Now, for the first time in the major leagues, the soon-to-be 30-year-old pitcher will ply his trade for a team other than the Brewers. It will be hard to see him pitching for the Mets, a team that has become something of a rival in recent seasons, a team with deep pockets that desperately wants to be as good — and as unlikely — as the Dodgers. But there’s some poetry in that move: David Stearns, the Mets’ president of baseball operations, was the Brewers’ newly minted general manager in 2015 when he made the move to Peralta, just his third trade as boss.
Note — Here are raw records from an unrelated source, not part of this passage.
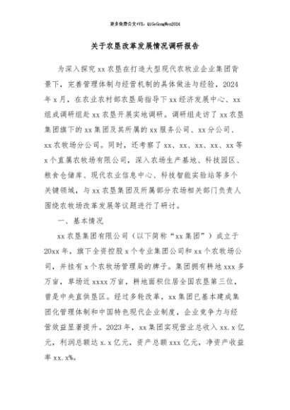 / 【七哥公文】2024年:关于农垦改革发展情况调研报告+更多免费公文+VX:QiGeGongWen2024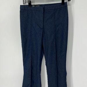 Zara mid rise flare pants women’s small waistband lying flat measures 13.5 inches. Rise measures 9 inches. Inseam measures 30.5 inches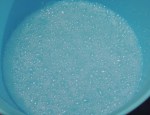 – Pour warm (not hot) water inside a small bucket and stir a bit of the detergent until creating bubbles. Don’t expect any extravagant bubbles, though.

Transactions like these certainly bring mixed emotions, one of which may certainly be fear. From everything we can see as fans, Peralta is a humble, friendly, fun-loving guy, a leader that others in the clubhouse looked up to, just the type of guy who is fun to root for. (He’s one of my favorite brewers of all time.) He’s also a very good pitcher. It’s a drag losing those things. Those sad feelings are also mixed with the excitement of the two new players, both with tantalizing potential, that the Brewers welcome into their system this week.

But it’s safe to say Peralta will always be a hero to Milwaukee Brewers fans. He is, at worst, one of the ten best pitchers in franchise history, and it is extremely rare for players to stay with one team as long as Peralta did – eight years – in the modern game. Now that he’s moved on, you know who the third longest-tenured Brewer is, after Woodruff and Yelich? That would be Aaron Ashby, who debuted in 2021 and still hasn’t made 100 MLB appearances.

So thank you, Freddy Peralta. You had a fastball that didn’t make any sense, you were the reason many of us Brewers fans learned what “extension” on pitches was, and you had a great rapport with Sophia Minnaert (I’m having a hard time tracking it down, but Minnaert traveled with Peralta to his parents’ home in the Dominican Republic for a special that aired on Brewers television a few years ago and is worth watching). You frustrated us, you delighted us and you made yourself one of the best pitchers in team history. Good luck in the future (unless you’re playing the Brewers of course).